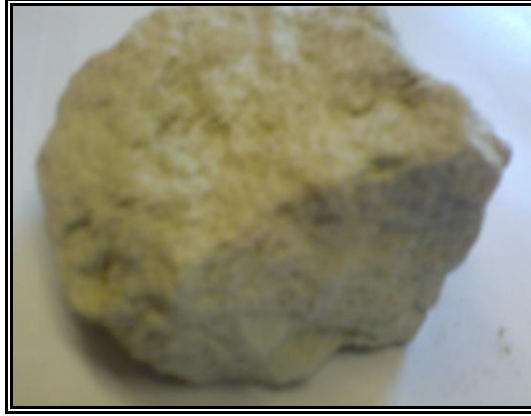
Resim 1.6: Kil toprağı
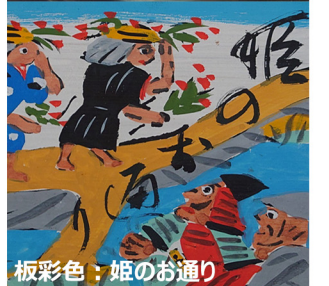
板彩色：姫のお通り
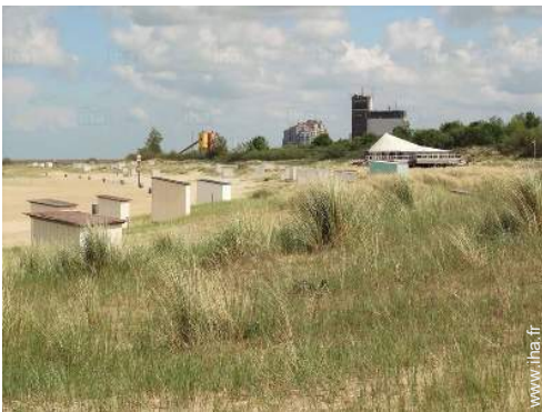
loisirs balnéaires à proximité
▬▬▬▬▬▬
Could you copy the lines above exactly and skip the images?

• [Task response]
Resim 1.6: Kil toprağı
板彩色：姫のお通り
loisirs balnéaires à proximité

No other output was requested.